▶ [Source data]
---*---
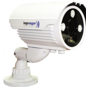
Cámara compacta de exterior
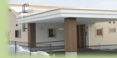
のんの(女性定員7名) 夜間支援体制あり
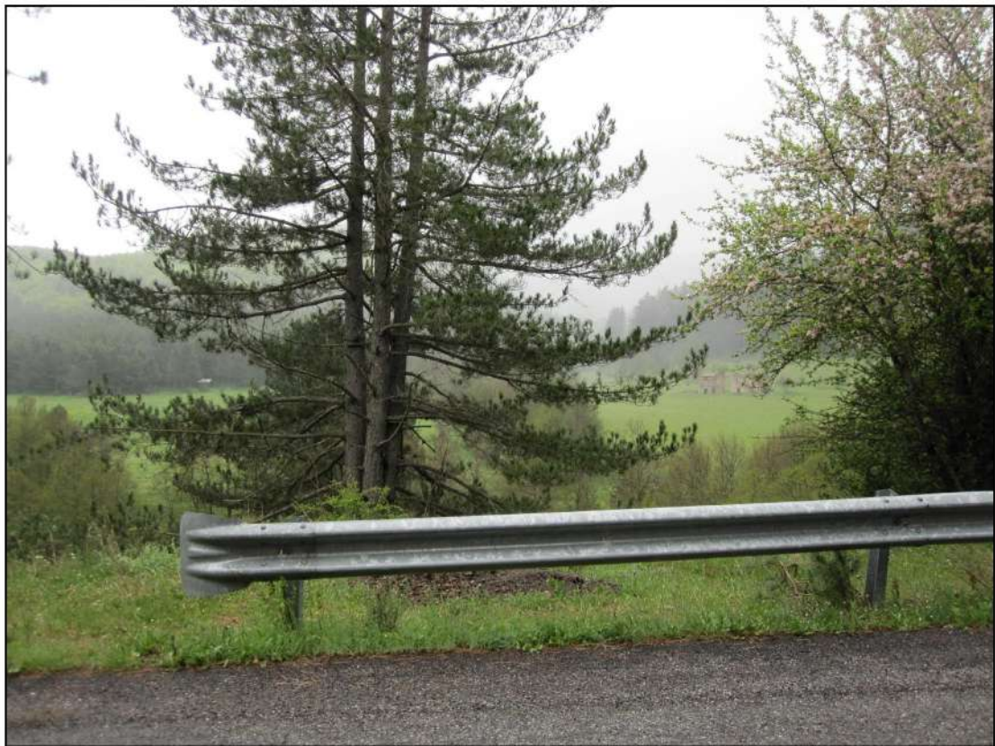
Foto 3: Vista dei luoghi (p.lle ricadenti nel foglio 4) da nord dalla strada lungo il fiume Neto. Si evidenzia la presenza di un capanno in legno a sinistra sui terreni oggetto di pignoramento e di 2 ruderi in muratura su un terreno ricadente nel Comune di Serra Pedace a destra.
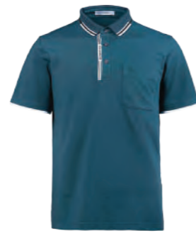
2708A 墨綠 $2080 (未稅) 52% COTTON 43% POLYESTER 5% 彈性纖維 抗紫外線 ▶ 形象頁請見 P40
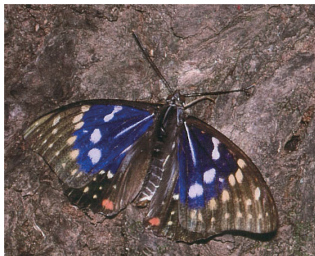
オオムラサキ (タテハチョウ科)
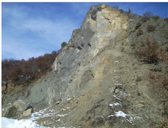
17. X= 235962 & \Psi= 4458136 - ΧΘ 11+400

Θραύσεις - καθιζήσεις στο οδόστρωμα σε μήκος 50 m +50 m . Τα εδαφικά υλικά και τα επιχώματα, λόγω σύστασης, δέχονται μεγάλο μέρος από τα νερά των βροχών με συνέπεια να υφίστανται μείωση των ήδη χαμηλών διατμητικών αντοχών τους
---*---
▶ [Exercise goal] Please retype all the entries word for word, omitting the pictures.

▶ [Response for this exercise]
Cámara compacta de exterior
のんの(女性定員7名) 夜間支援体制あり
Foto 3: Vista dei luoghi (p.lle ricadenti nel foglio 4) da nord dalla strada lungo il fiume Neto. Si evidenzia la presenza di un capanno in legno a sinistra sui terreni oggetto di pignoramento e di 2 ruderi in muratura su un terreno ricadente nel Comune di Serra Pedace a destra.
2708A 墨綠 $2080 (未稅) 52% COTTON 43% POLYESTER 5% 彈性纖維 抗紫外線 ▶ 形象頁請見 P40
オオムラサキ (タテハチョウ科)
17. X= 235962 & \Psi= 4458136 - ΧΘ 11+400

Θραύσεις - καθιζήσεις στο οδόστρωμα σε μήκος 50 m +50 m . Τα εδαφικά υλικά και τα επιχώματα, λόγω σύστασης, δέχονται μεγάλο μέρος από τα νερά των βροχών με συνέπεια να υφίστανται μείωση των ήδη χαμηλών διατμητικών αντοχών τους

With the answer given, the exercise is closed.